Recorded data ▸

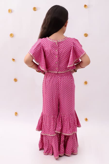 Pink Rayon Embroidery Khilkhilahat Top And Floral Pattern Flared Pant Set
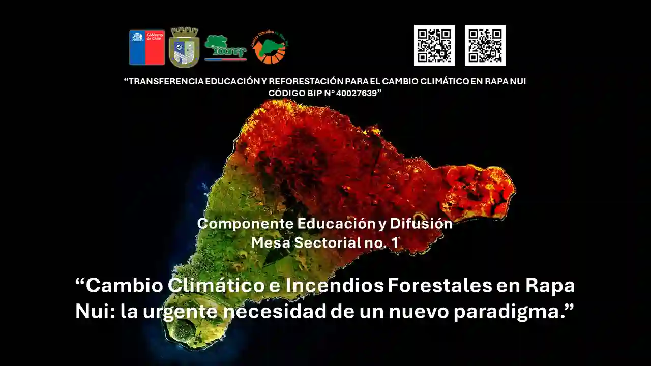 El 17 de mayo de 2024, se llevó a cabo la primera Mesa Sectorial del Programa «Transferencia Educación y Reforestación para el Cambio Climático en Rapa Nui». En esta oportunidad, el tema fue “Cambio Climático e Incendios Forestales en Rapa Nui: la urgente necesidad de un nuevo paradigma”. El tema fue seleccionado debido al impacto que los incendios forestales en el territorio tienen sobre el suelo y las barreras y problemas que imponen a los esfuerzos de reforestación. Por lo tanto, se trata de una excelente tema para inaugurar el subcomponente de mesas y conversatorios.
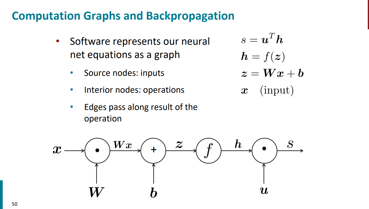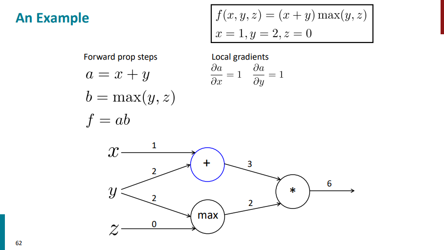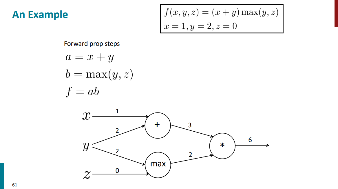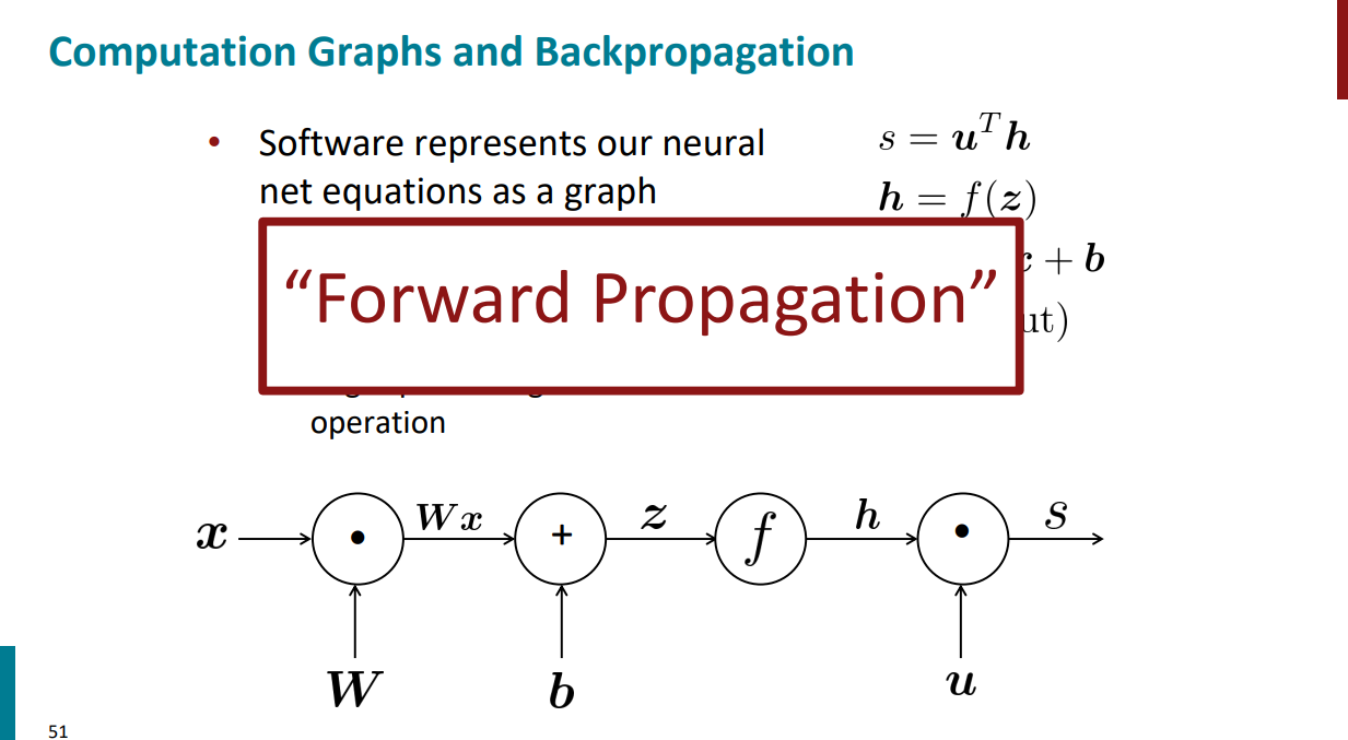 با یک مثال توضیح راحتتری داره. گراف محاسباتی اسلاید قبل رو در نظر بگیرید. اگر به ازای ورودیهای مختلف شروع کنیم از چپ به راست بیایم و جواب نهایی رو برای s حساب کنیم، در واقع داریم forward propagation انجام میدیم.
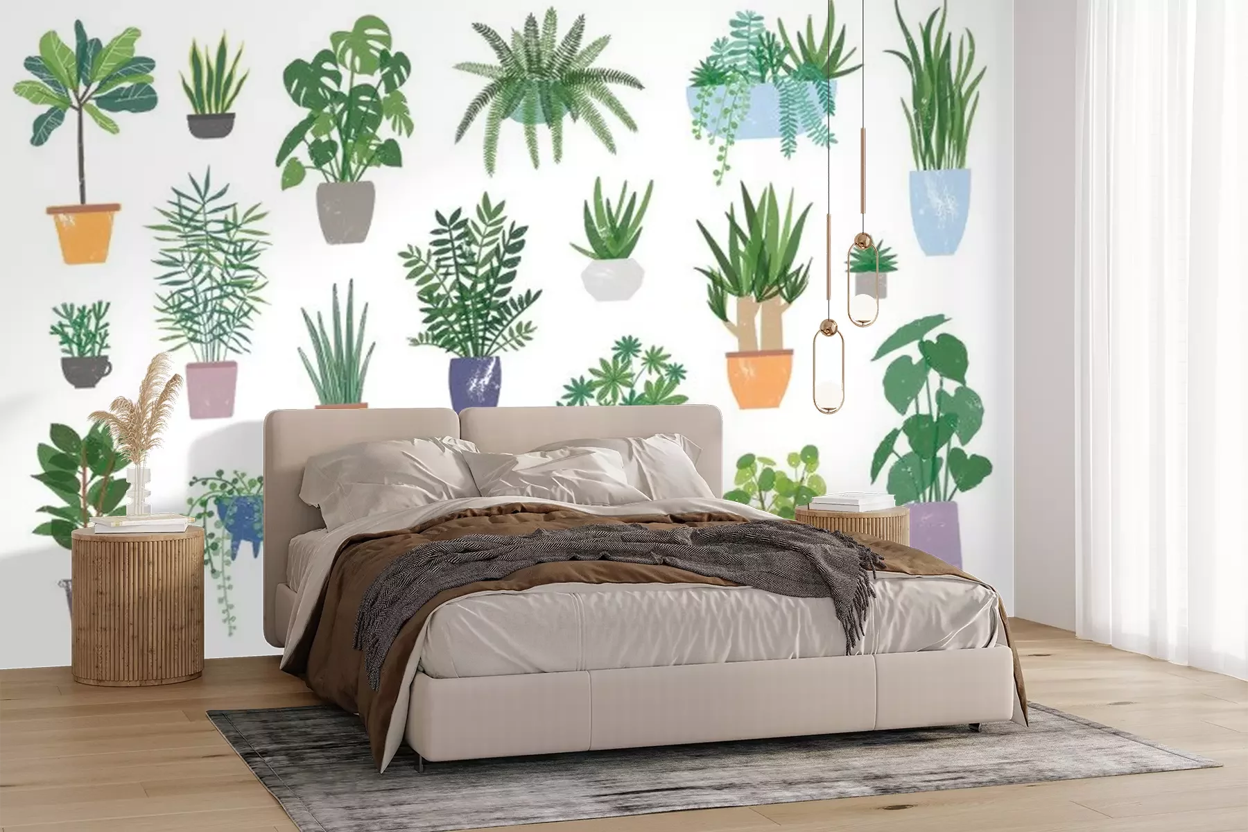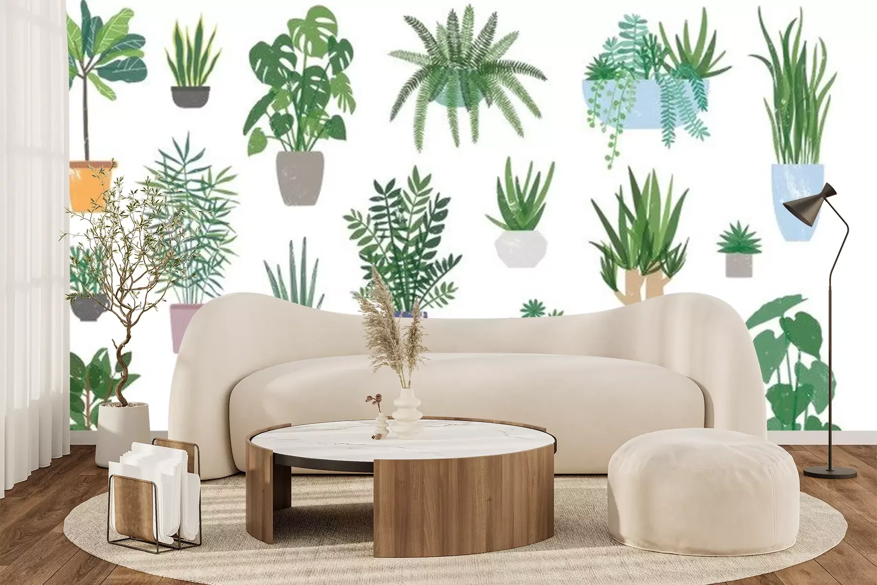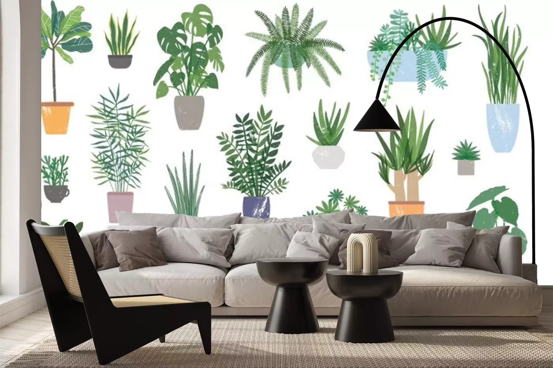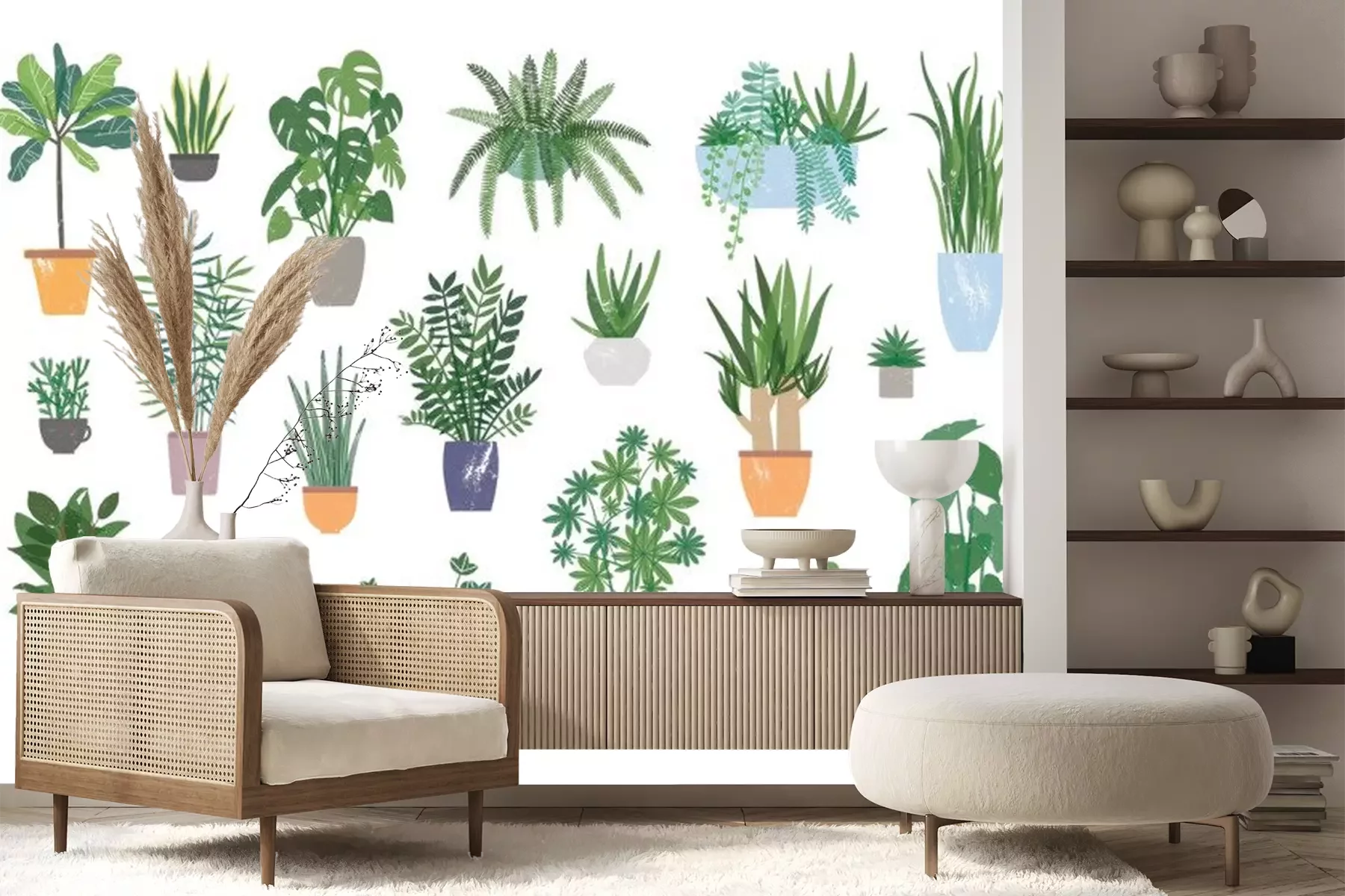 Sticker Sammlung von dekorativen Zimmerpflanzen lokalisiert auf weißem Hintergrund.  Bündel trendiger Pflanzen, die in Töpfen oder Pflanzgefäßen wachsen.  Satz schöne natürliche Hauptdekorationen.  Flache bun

Problem to solve ▸
Set down the entire material verbatim, with each picture left out.

Task answer ▸
 Pink Rayon Embroidery Khilkhilahat Top And Floral Pattern Flared Pant Set
 El 17 de mayo de 2024, se llevó a cabo la primera Mesa Sectorial del Programa «Transferencia Educación y Reforestación para el Cambio Climático en Rapa Nui». En esta oportunidad, el tema fue “Cambio Climático e Incendios Forestales en Rapa Nui: la urgente necesidad de un nuevo paradigma”. El tema fue seleccionado debido al impacto que los incendios forestales en el territorio tienen sobre el suelo y las barreras y problemas que imponen a los esfuerzos de reforestación. Por lo tanto, se trata de una excelente tema para inaugurar el subcomponente de mesas y conversatorios.
 با یک مثال توضیح راحتتری داره. گراف محاسباتی اسلاید قبل رو در نظر بگیرید. اگر به ازای ورودیهای مختلف شروع کنیم از چپ به راست بیایم و جواب نهایی رو برای s حساب کنیم، در واقع داریم forward propagation انجام میدیم.
 Sticker Sammlung von dekorativen Zimmerpflanzen lokalisiert auf weißem Hintergrund.  Bündel trendiger Pflanzen, die in Töpfen oder Pflanzgefäßen wachsen.  Satz schöne natürliche Hauptdekorationen.  Flache bun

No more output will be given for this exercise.